The following excerpts from the generated FIR filter hardware description help illustrate this point. First, notice that in the declarations section for the lower-level HDL file we have the following declaration:

 type stateType is                 (init,b0s0,b0s1,b0s2,b0s3,b0s4,b0s5,b0s6,b0s7,b0s8,b0s9,b0s10,                 b0s11,b0s12,b0s13,b0s14,b0s15,b0s16,b0s17,b0s18,b0s19,b0s20,                 b0s21,b0s22,b0s23,b0s24,b0s25,b0s26,b0s27,b0s28,b0s29,b0s30,                 b0s31,b0s32,b0s33,b0s34,b0s35,b0s36,b0s37,b0s38,b0s39,b0s40,                 b0s41,b0s42,b0s43,b0s44,b0s45,b0s46,b0s47,b0s48,b0s49,b0s50,                 b0s51,b0s52,b0s53,b0s54,b0s55,b0s56,b0s57,b0s58,b0s59,b0s60,                 b0s61,b0s62,b0s63,b0s64,b0s65,b0s66,b0s67,b0s68,b0s69,b0s70,                 b0s71,b0s72,b0s73,b0s74,b0s75,b0s76,b0s77,b0s78,b0s79,b0s80,                 b0s81,b0s82,b0s83,b0s84,b0s85,b0s86,b0s87,b0s88,b0s89,b0s90,                 b0s91,b0s92,b0s93,b0s94,b0s95,b0s96,b0s97,b0s98,b0s99,b0s100,                 b0s101,b0s102,b1s0,b1s1,b2s0,finished); signal thisState, nextState : stateType; 

The generated type stateType symbolically represents all the blocks and stages of the generated process. In the case of the FIR filter there are quite a few of these states in the machine (107 of them, to be exact) that represent two major blocks of functionality in the expanded code. One of these states (the first one, b0s0) is shown here, along with the clock logic that drives the machine:

 if (clk'event and clk='1') then     case thisState is         when b0s0 =>             if (stateEn = '1') then                 r_tap <= ni4126_tap;             end if; 

Comments found elsewhere in the generated HDL help identify which specific block and cycle a given operation is associated with. For example, the following concurrent multiply and accumulate operations are associated with stage one of block one, as indicated by the comment line preceding them:

 -- b1s1 ni4130_nSample <= r_filter_in; ni4131_firbuffer_50 <= ni4130_nSample; ni4132_accum <= X"00000000"; ni4133_tap <= X"00000000"; ni4134_accum <= add(ni4132_accum, mul(r_firbuffer_0, r_coef_0)); ni4135_tap <= X"00000001"; ni4136_accum <= add(ni4134_accum, mul(r_firbuffer_1, r_coef_1)); 

Of the 107 states in the machine, those blocks identified by the b0 state name prefix represent the initialization section of the FIR filter, which consisted of two unrolled loops in the original C code. There are many stages in this block, but because this is only initialization code, the overhead of all those cycles is of little importance.

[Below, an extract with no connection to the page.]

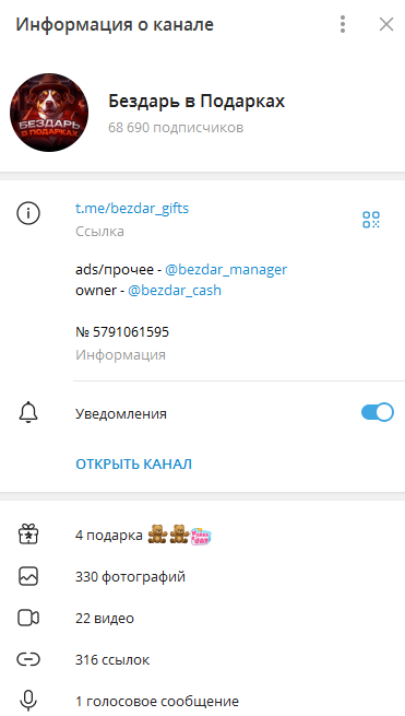 Канал «Бездарь в Подарках» появился в феврале 2025 года. Он собрал 68,6 тысяч подписчиков. Просматривает посты примерно пятая часть из них. Автор не закрывал комментарии и реакции. Комментариев мало – обычно не больше десяти. Указан контакт менеджера: Bezdar manager.

The key routine of the FIR filter, the inner code loop that actually processes the data stream, is represented by the states prefixed by b1 and b2, of which there are only two (b1s0 and b2s0) when pipelining has not been enabled and only one (b1s0) when pipelining has been enabled through the use of the PIPELINE pragma. You can use these symbolic states as an aid to hardware debugging with an HDL simulator, as shown in Figure 6-8.

Figure 6-8. Debugging the hardware state machine using a VHDL simulator.

Figures 6-9 and 6-10 show another hardware debugging session (again using the FIR application as an example) in which the expanded source code of the original example (in which the specific blocks and stages of the code have been identified, both graphically and in an expanded source listing) can, without too much difficulty, be related to specific lines of the generated HDL. Notice in the example shown that the variable firbuffer_50, which corresponds to one element of the scalarized firbuffer array, is easily identified in the HDL code during source-level hardware simulation and debugging. Comments embedded in the HDL code also help identify the specific blocks and stages of the original C code that correspond to the HDL statements being executed.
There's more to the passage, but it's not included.